Christopher McCandless came from an affluent middle-class family (his father was an aerospace engineer for NASA), and when he graduated from Emory University in 1990 his parents had every expectation he would make something of himself. But Chris declined their gift of a new car, donated the remaining $24,000 from his college fund to Oxfam, and disappeared from their lives. He began hiking across the United States, stopping for a spell to work as a labourer in South Dakota, then kayaking down the Grand Canyon and into the Gulf of California. He called himself ‘Alexander Supertramp’ and took pride in travelling light, surviving on minimal provisions and his own prowess at foraging. All the while he dreamed of escaping civilisation to live off the land in Alaska. For more than 100 days he did just that. Then he made a grievous error…

Sean Penn’s three previous efforts as writer-director (The Indian Runner, The Crossing Guard, The Pledge) have been intense, occasionally overcooked psycho-dramas, palpably sincere but a bit indigestible. His fourth is both more ambitious and more straightforward. Into The Wild scarcely has a plot worthy of the name; based on Jon Krakauer’s non-fiction bestseller, it’s a documentary-like account of a young man’s voyage of self-discovery. Penn begins and ends the movie with the abandoned “magic bus” that was Christopher’s shelter in the wilderness, but flashbacks and testimony drawn from his own journals and his sister’s reminiscences lay out the two-year trek to this pivotal time and place. It’s a chronicle of the road that evokes a whole range of associations, from Kerouac and Woody Guthrie to Easy Rider. For his part, the heaviest item in Christopher’s backpack was his library: Jack London, Tolstoy and Thoreau were his guides.

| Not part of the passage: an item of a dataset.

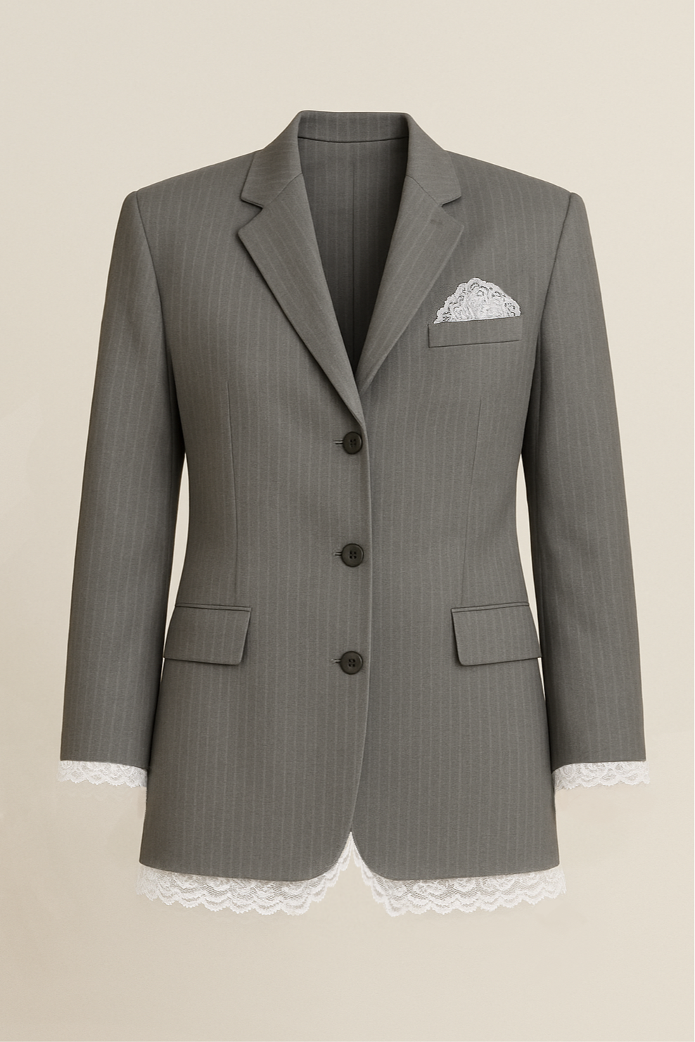 Elevate your wardrobe with our fine wool "Dusty Onyx" blazer. The high quality fabric exudes sophistication, while delicate lace accents add a touch of femininity.

Penn obviously admires this young drop-out’s idealism and intrepid sense of adventure. Cinematographer Eric Gautier (The Motorcycle Diaries) captures ravishing, rhapsodic images of the great outdoors, while several original songs by Eddie Vedder supply a romantic uplift. If anything, it’s too energised – occasionally you want Penn just to stop and look, take in the scenery for a spell. A handful of sharply delineated encounters offer more nuanced perspectives on McCandless’ quest. Catherine Keener is especially fine as an aging hippie saddened to see something of her own estranged son in him (Christopher has “issues”). And veteran character actor Hal Holbrook works wonders as an octogenarian widower who establishes an unexpectedly deep bond with the boy before he sets off on the last leg of his expedition.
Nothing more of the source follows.